The Court ruled that a jury should consider the employee’s claim of “association discrimination” in violation of the ADA.  It noted that the firing followed close in time expressions of concern to the employee regarding the costs of her husband’s medical care and the employer’s resolution to be “creative” in cutting costs.  Therefore, the court ruled that a reasonable juor could conclude the employer was concerned that the husband’s illness could linger for years and at great cost to the employer and so therefore the employee was fired in violation of the ADA. 

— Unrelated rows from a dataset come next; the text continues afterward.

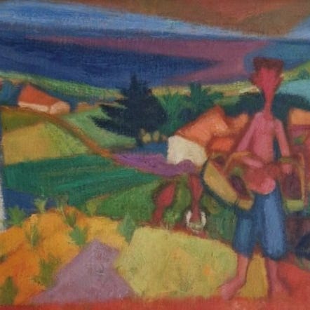Originalt maleri af maleren André Roubaud, der forestiller et provencalsk landskab med lavendelmarker og en mas.
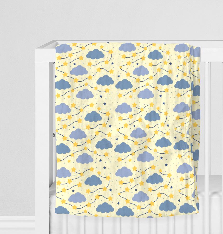 星が流れるようにつながる線の上に様々な大きさの雲が配置されており、ふわふわの夜空を思わせるデザインです。
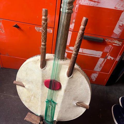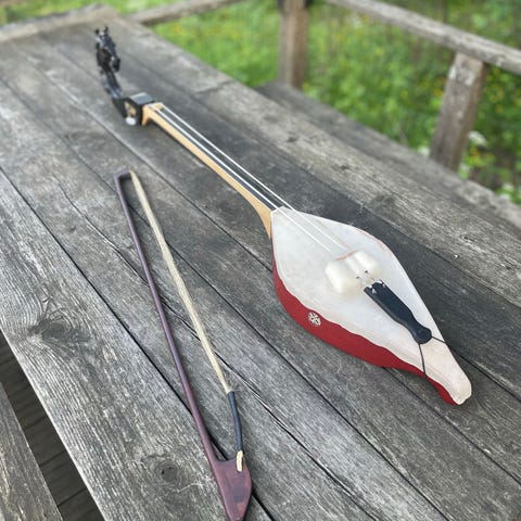 Jousisoitin, jossa on pyöreä, nahkakalvolla päällystetty kaikukoppa ja puinen kaula. Soittimessa on jousi, joka on kiinnitetty rungon päihin, sekä kieli tai kielet, jotka kulkevat kaulan ja kaikukopan yli. Materiaalina on pääasiassa puu ja nahka, väreinä luonnonpuun sävyt, punaruskea ja musta. Sopii esimerkiksi etnisen tai kansanmusiikkisoittimen kokoelmaan tai koriste-esineeksi musiikkiaiheiseen sisustukseen.
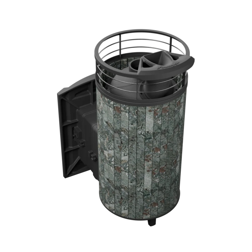 Практичная и компактная модель. Ламели из змеевика по периметру внешней каменки не только обладают хорошими теплонакопительными свойствами, но и придают печи оригинальный внешний вид

Trujillo v. Pacificorp presents a similar sad story.  The Trujillos, husband and wife, both worked for Pacificorp and had for many years, he for 25 and she for 8 years.  Their son developed a brain tumor that metasized into his spine.  Aggressive and costly (in excess of $62,000) experimental chemotherapy was undertaken but was unsuccessful.  Pacificorp designated claims exceeding $50,000 as high-dollar and healthcare costs for each employee were factored into the plant’s budget line item for labor costs. 

Eleven days after the Trujillos’ son suffered a relapse and began the final chemotherapy regiment the employer began an investigation into alleged time theft by the Trujillos.  The evidence showed that the company did not use a time clock, that supervisors usually approved employees’ time sheets based on their observations during the work day, that time sheets were somtimes filled out in advance, that supervisors sometimes allowed employees to leave early but to record a full shift, and that employees frequently used a “piggyback” procedure to pass through a security gate in which one employee would use his security card to get the gate to open and other employees would walk in as well.  Nonetheless, Pacificorp accused both of the Trujillos with time theft and terminated them.

The court ruled that evidence that Pacificorp had general concerns about the rising cost of healthcare, that the claims for the Trujillos’ child were considered “high dollar,” that there was only one other “high dollar” claim during the relevant time frame on which the employer kept close tabs, that insurance costs were factored into the budget line item for labor costs of each employee, and that the investigation regarding the Trujillos’ alleged time theft was one-sided and incomplete was enough for a jury to find in their favor at trial. 

The DeWitt and Trujillo cases also illustrate general problems that arise from the United States’ system of employer-based healthcare insurance.  It seems reasonable for employers to be concerned about rising healthcare costs and the effects those costs have on their ability to compete in their business fields.  And yet it is horribly unfair to fire an employee because they have an ill family member that is generating substantial insurance costs for the employer.  The current system and the ADA mandate that cost be borne solely by the employer who is unlucky enough to employ an individual unlucky to have a family member suffering from a serious illness.  One might reasonably suggest that a single-payer system in which the costs were borne more widely would be more equitable and fair to both the employer and the employee.  It may also eliminate the impulse for “association discrimination” behind both of these cases.